▶ [Assigned task]
All lines from the one that has "μオピオイド受容体4dkl(モルフィナン" onward to the end of the records below are to be returned exactly; pictures are to be skipped.

▶ [Entries provided]
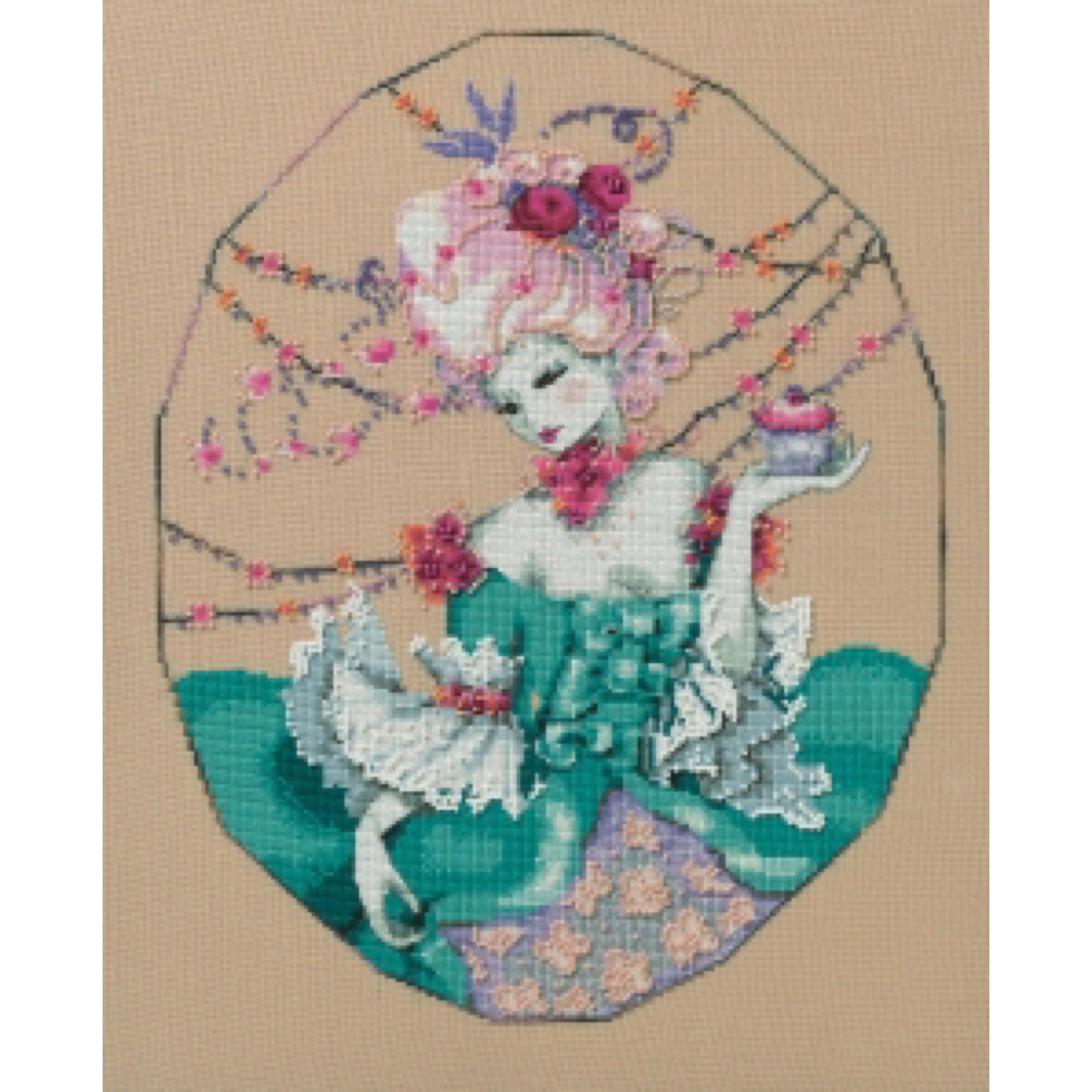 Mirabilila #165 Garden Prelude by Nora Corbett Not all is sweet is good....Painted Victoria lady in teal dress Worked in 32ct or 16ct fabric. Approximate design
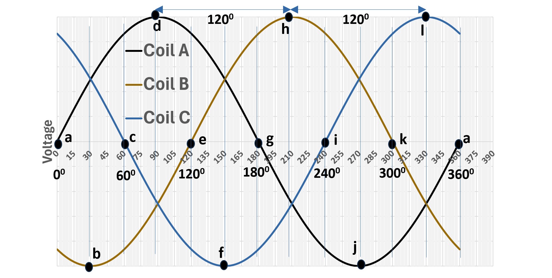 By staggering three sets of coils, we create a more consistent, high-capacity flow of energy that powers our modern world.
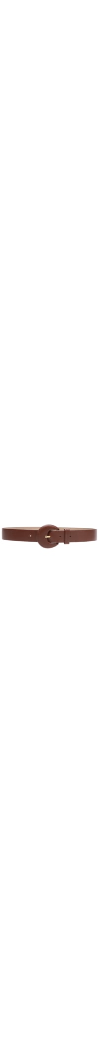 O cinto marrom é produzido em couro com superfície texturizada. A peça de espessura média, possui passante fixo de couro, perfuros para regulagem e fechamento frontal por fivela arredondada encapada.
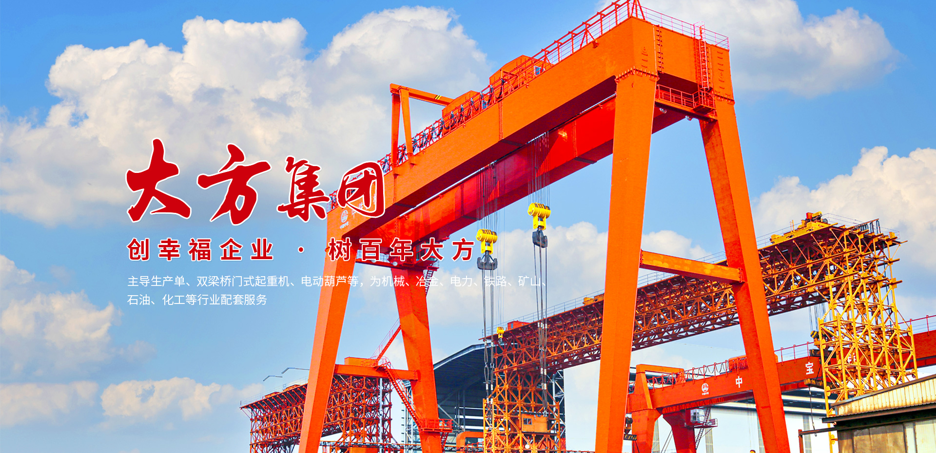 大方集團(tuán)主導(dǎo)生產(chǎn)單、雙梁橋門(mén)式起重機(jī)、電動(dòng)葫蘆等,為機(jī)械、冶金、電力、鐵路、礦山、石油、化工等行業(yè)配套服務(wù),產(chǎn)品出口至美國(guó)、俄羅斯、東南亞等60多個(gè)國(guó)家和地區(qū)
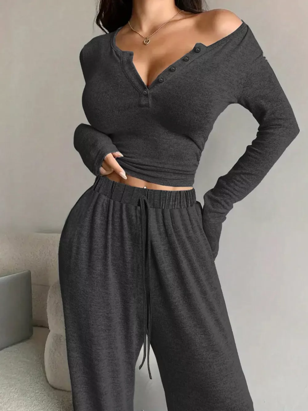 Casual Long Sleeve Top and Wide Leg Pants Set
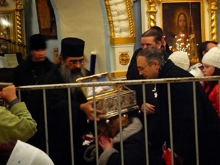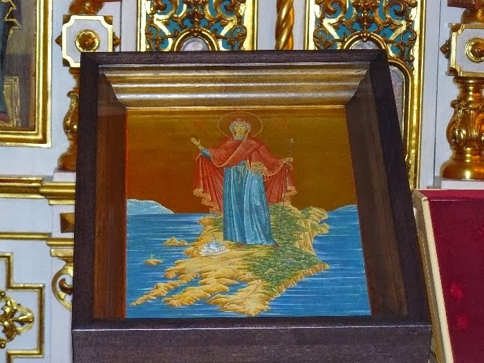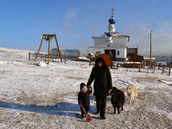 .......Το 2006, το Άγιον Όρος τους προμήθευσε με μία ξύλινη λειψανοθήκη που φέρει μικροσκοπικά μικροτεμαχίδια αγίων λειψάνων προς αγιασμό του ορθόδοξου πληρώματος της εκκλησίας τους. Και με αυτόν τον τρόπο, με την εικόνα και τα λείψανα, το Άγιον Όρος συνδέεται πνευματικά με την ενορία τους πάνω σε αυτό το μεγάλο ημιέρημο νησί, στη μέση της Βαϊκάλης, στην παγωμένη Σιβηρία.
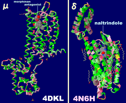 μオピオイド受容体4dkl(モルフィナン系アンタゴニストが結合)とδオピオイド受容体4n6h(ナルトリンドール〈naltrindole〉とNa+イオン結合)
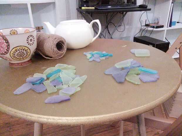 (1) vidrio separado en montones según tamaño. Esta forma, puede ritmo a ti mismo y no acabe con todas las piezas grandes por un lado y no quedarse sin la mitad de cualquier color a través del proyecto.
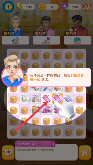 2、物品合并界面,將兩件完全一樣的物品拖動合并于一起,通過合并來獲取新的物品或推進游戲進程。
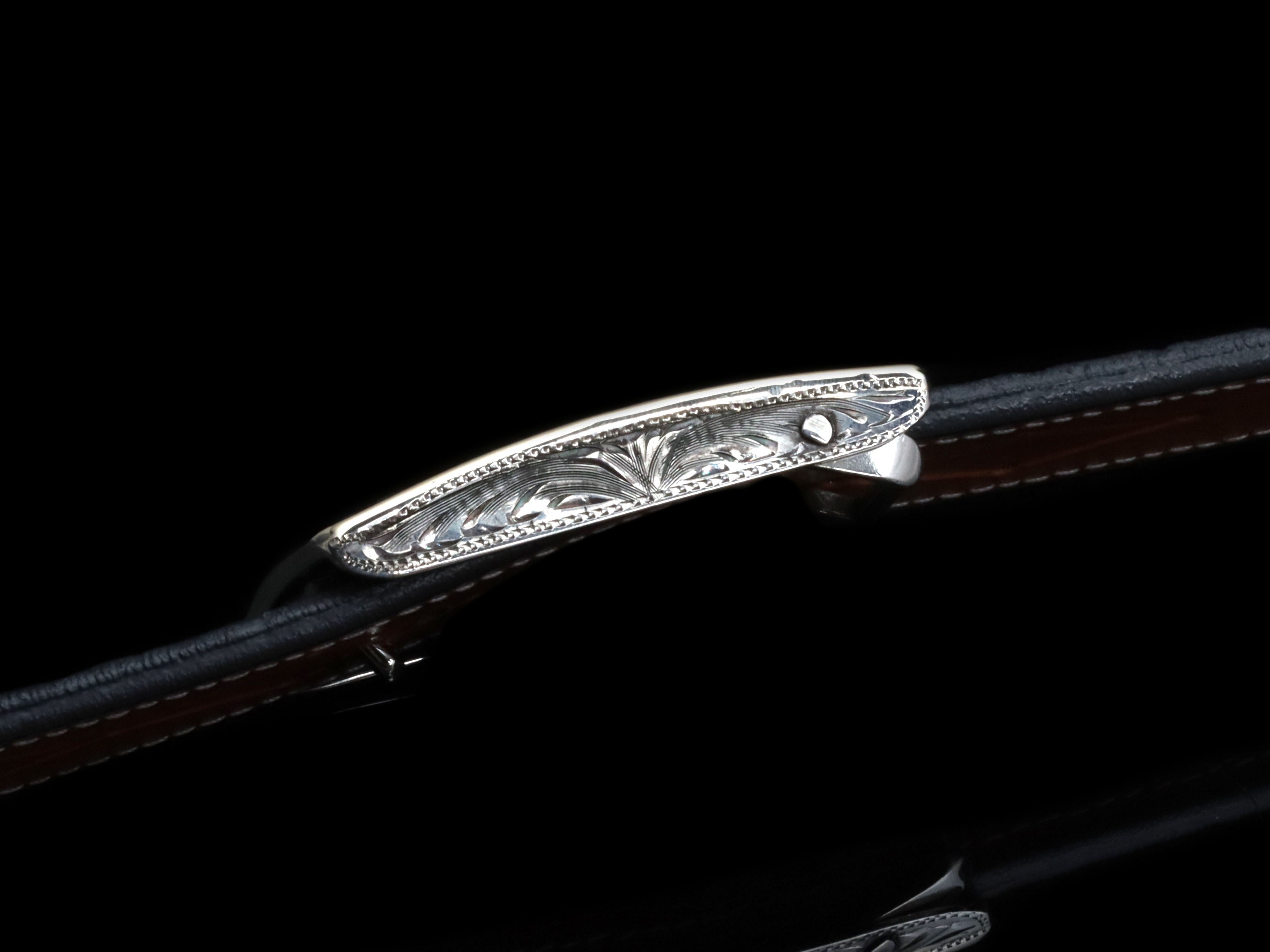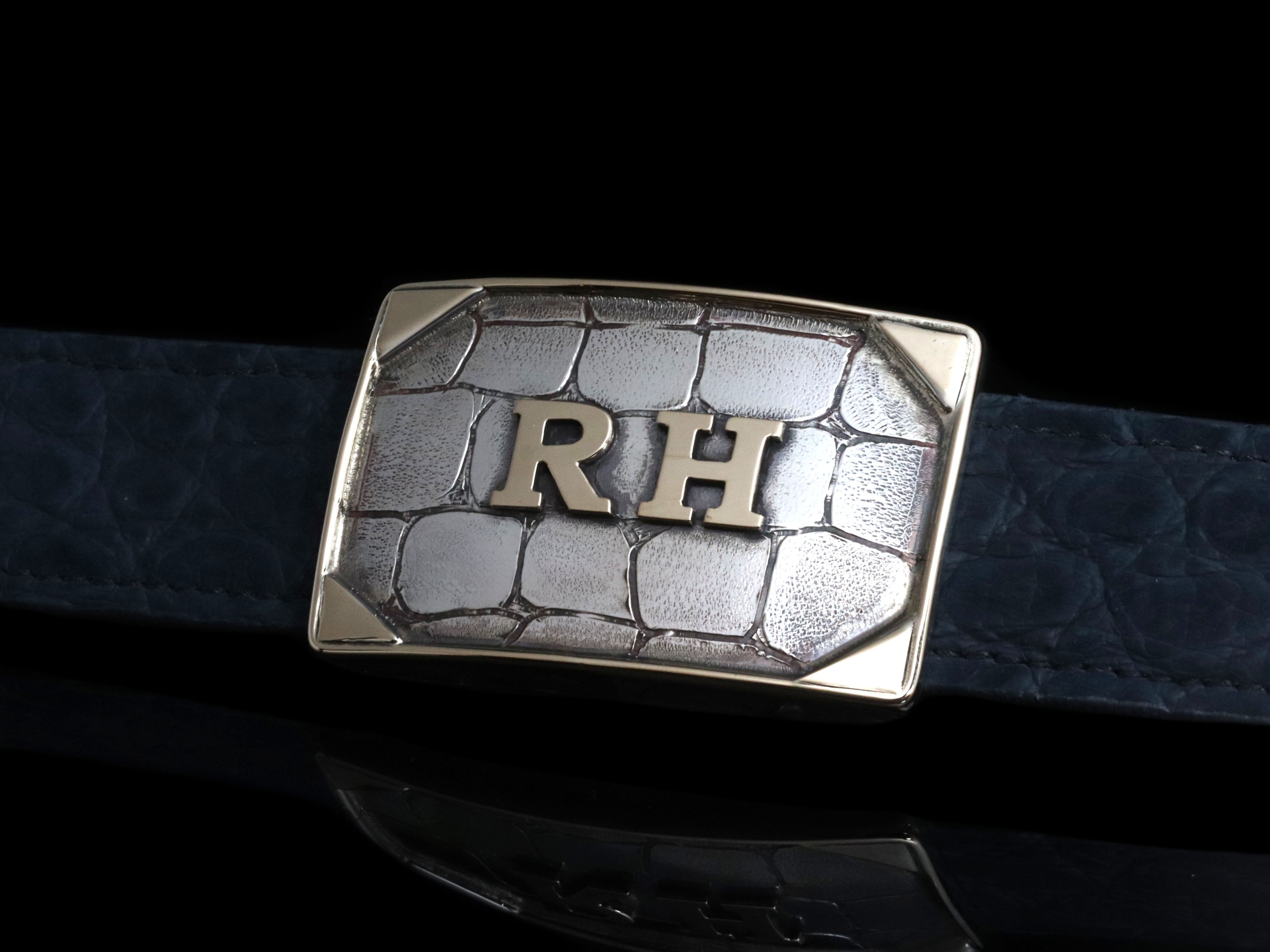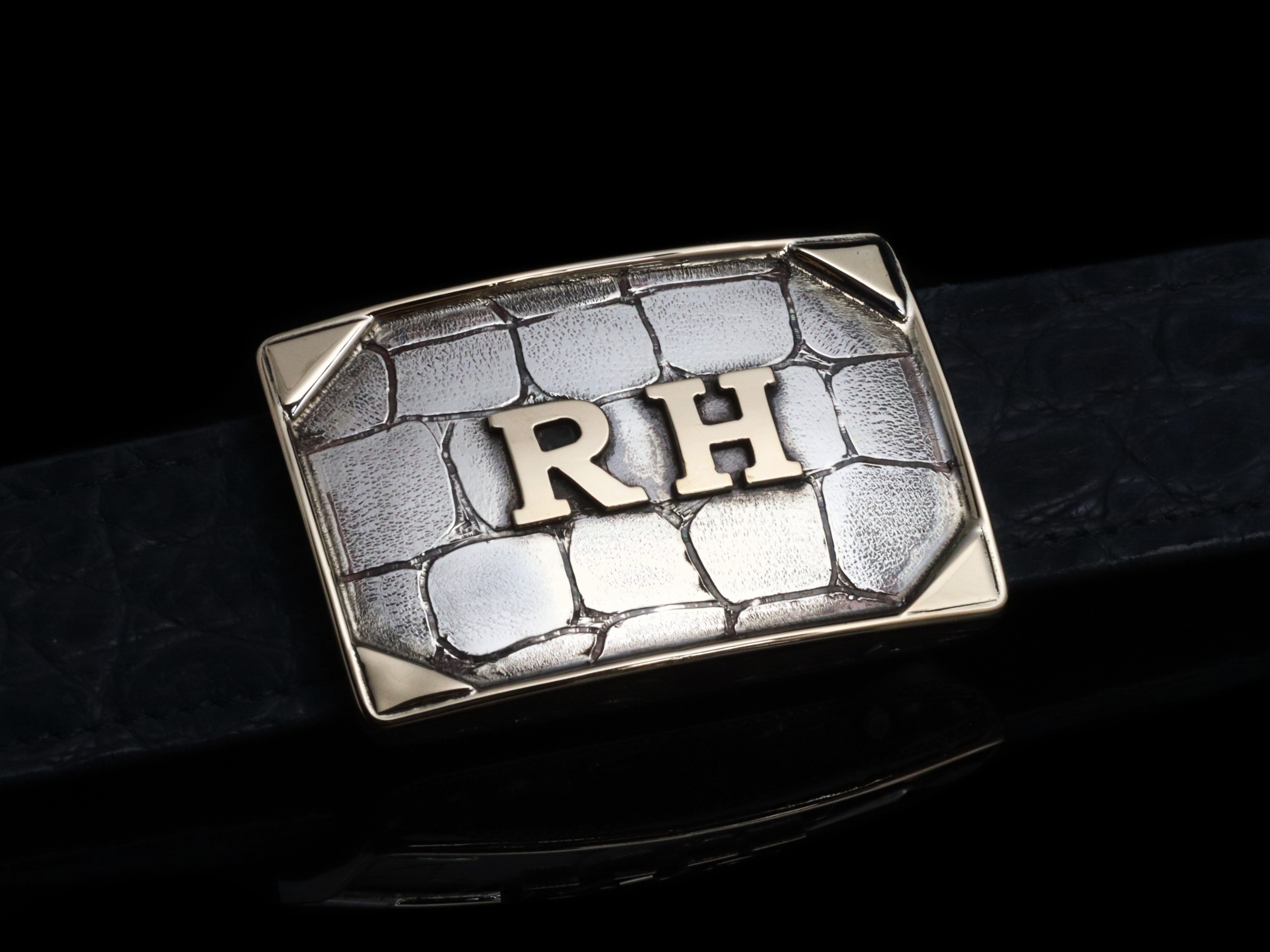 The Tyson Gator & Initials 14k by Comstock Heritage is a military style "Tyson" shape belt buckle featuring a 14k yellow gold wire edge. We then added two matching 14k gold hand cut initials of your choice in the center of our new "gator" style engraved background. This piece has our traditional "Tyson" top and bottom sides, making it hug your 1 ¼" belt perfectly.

▶ [Answer for this exercise]
 μオピオイド受容体4dkl(モルフィナン系アンタゴニストが結合)とδオピオイド受容体4n6h(ナルトリンドール〈naltrindole〉とNa+イオン結合)
 (1) vidrio separado en montones según tamaño. Esta forma, puede ritmo a ti mismo y no acabe con todas las piezas grandes por un lado y no quedarse sin la mitad de cualquier color a través del proyecto.
 2、物品合并界面,將兩件完全一樣的物品拖動合并于一起,通過合并來獲取新的物品或推進游戲進程。
 The Tyson Gator & Initials 14k by Comstock Heritage is a military style "Tyson" shape belt buckle featuring a 14k yellow gold wire edge. We then added two matching 14k gold hand cut initials of your choice in the center of our new "gator" style engraved background. This piece has our traditional "Tyson" top and bottom sides, making it hug your 1 ¼" belt perfectly.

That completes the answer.